ACFE’s Fraud Magazine published an online exclusive article by Jan Tadeusz Stappers about the new ISO standard dedicated to whistleblowing management systems. Below is a summary of the article. The original article can be found here.
Whistleblowing is often seen as a risk for boards, committees directors and an organization’s reputation. But with a sound whistleblowing infrastructure in place, whistleblowing provides an opportunity to better understand and manage culture, and solve irregularities internally before they become uncontrollable externally.
A growing number of countries are introducing or revising legislation aimed at protecting whistleblowers. Some examples are Australia’s Treasury Laws Amendment (Enhancing Whistleblower Protections) Bill 2017, Italy’s Law No. 179/2017 and France’s Loi Sapin II.

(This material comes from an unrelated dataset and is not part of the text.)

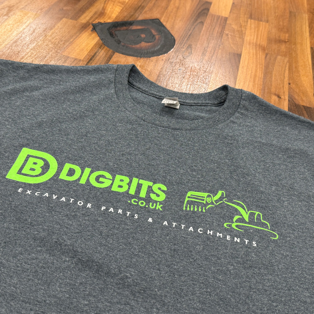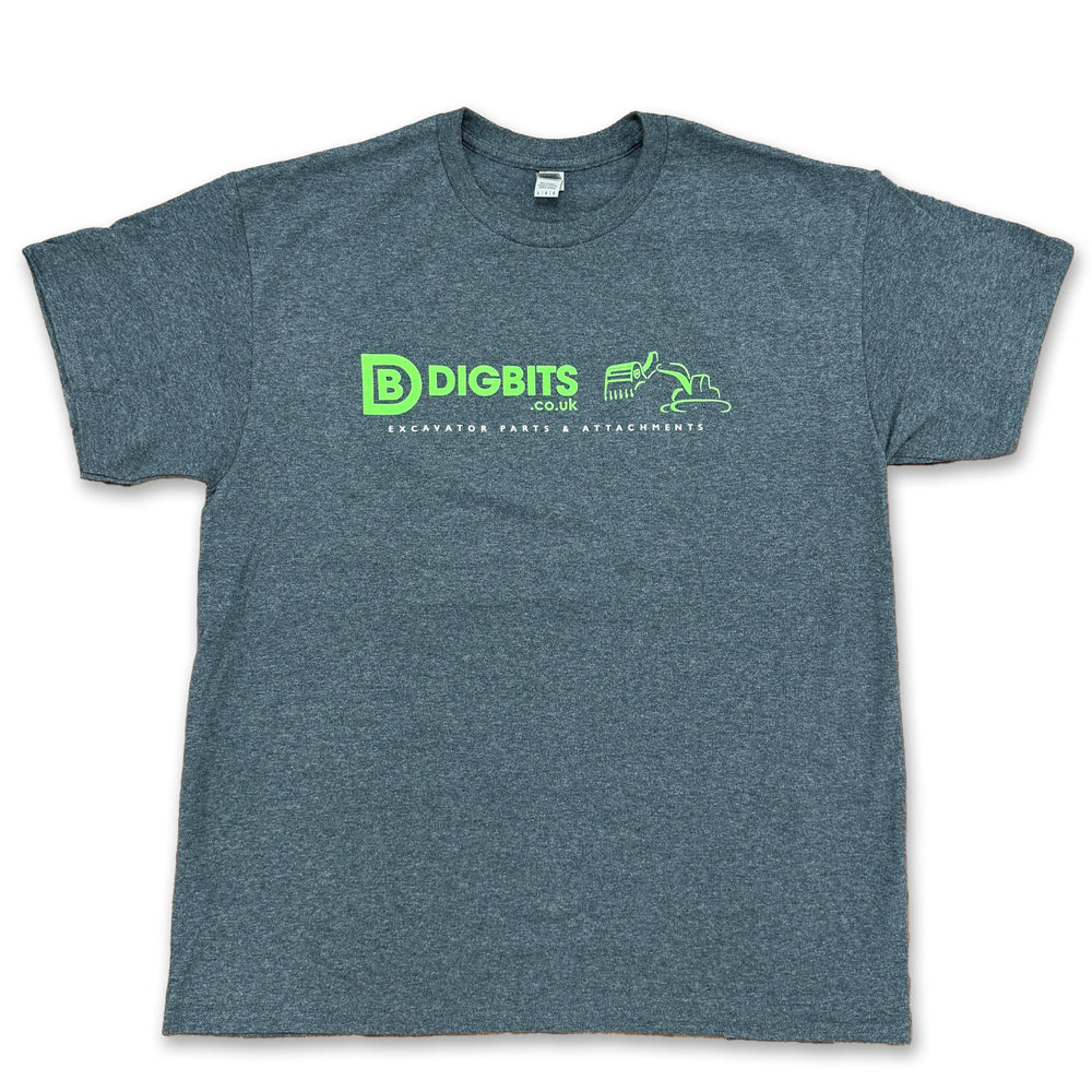 The latest, official DIGBITS company t-shirt. Grey, with printed logo in neon-green and white.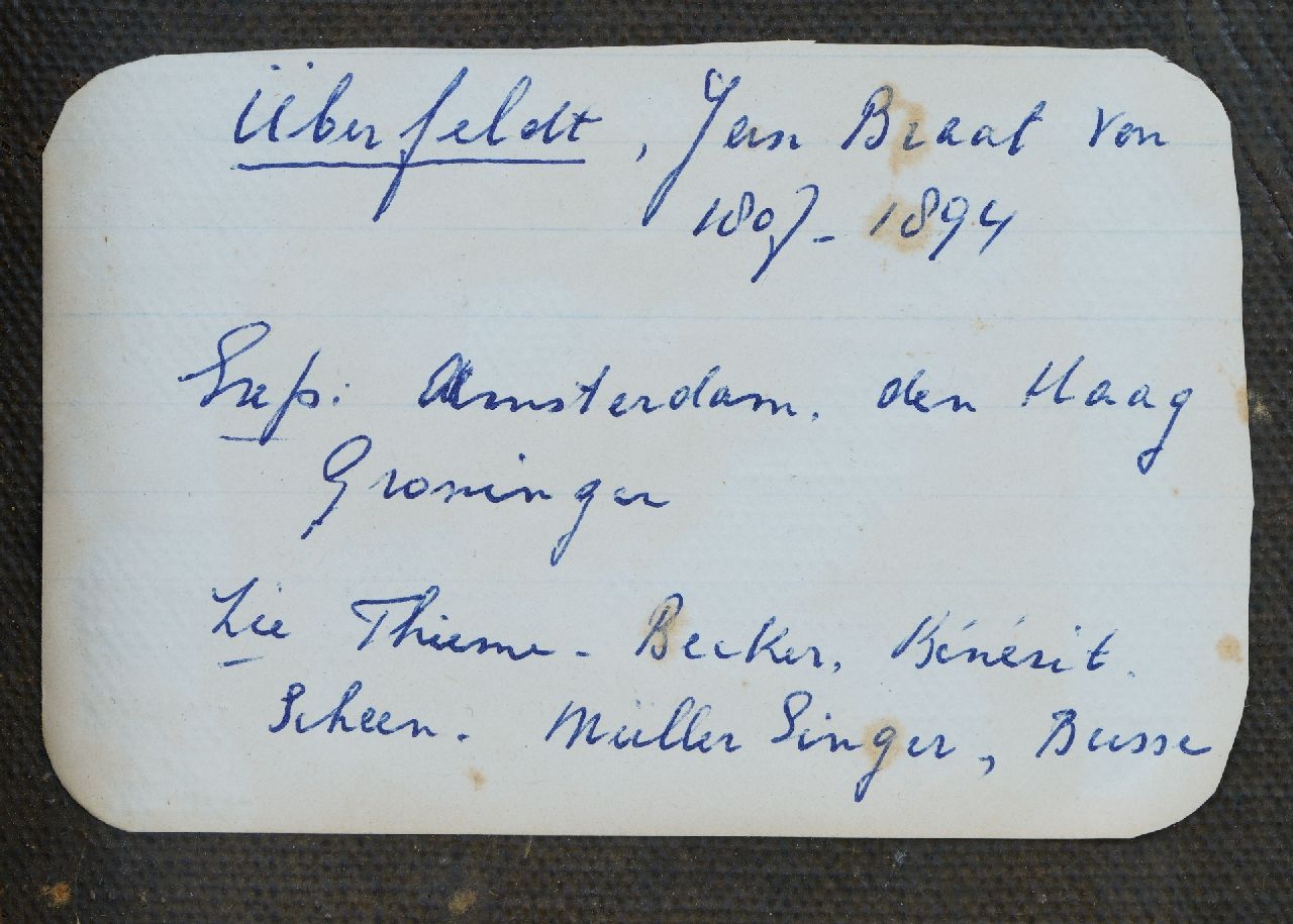 Jan Braet von Uberfeldt, invloedrijk schilder van portretten en genre- en historiestukken, was een leerling van de destijds zeer bekende genre- en portretschilder Jan Adam Kruseman. Hij woonde het grootste deel van zijn leven in Amsterdam. In 1877 vestigde hij zich in Langerak bij Doetinchem. Hij gaf les aan schilders als Jacob Willem Gruijter en J.F.P. Portielje, maar was ook een vroege leermeester van Piet Mondriaan.

The European Commission made great strides in 2018 when it proposed a new law to strengthen whistleblower protection across the EU. The commission claims that whistleblowers can play an important role in uncovering activities that damage the “public interest and the welfare of our citizens and society.” The proposal includes an obligation for organizations to implement safe channels for internal reporting. The European Parliament adopted the EU whistleblowing directive at its first reading on April 16.
Although organizations have many useful reference points, no single, internationally recognized standard on whistleblowing exists. Documentation now is largely focused on legal obligations and what governments should be doing in whistleblowing legislation. While this is important, it isn’t suitable or practicable for organizations to understand whistleblowing principles and how to implement policies and procedures effectively.
ISO 37002 will provide practical guidance to organizations on a broad array of whistleblowing management aspects. It doesn’t specify requirements but provides guidance on whistleblowing management systems and recommended practices. ISO 37002 is intended to be adaptable. Its use can differ depending on the size, nature and complexity of an organization’s activities.
Organizations that haven’t adopted management system standards will be able to adopt ISO 37002 as stand-alone guidance. Organizations will be able to choose to extend the scope of the whistleblowing management system to include reporting from outside their organizations.
WG3 states that it intends to provide a framework for establishing a clear and robust organizational whistleblowing system. WG3 acknowledges that creating a protective environment where people can confidently report concerns is crucial to effectively preventing and dealing with wrongdoing.
ISO 37002 is scheduled for completion by the end of 2021.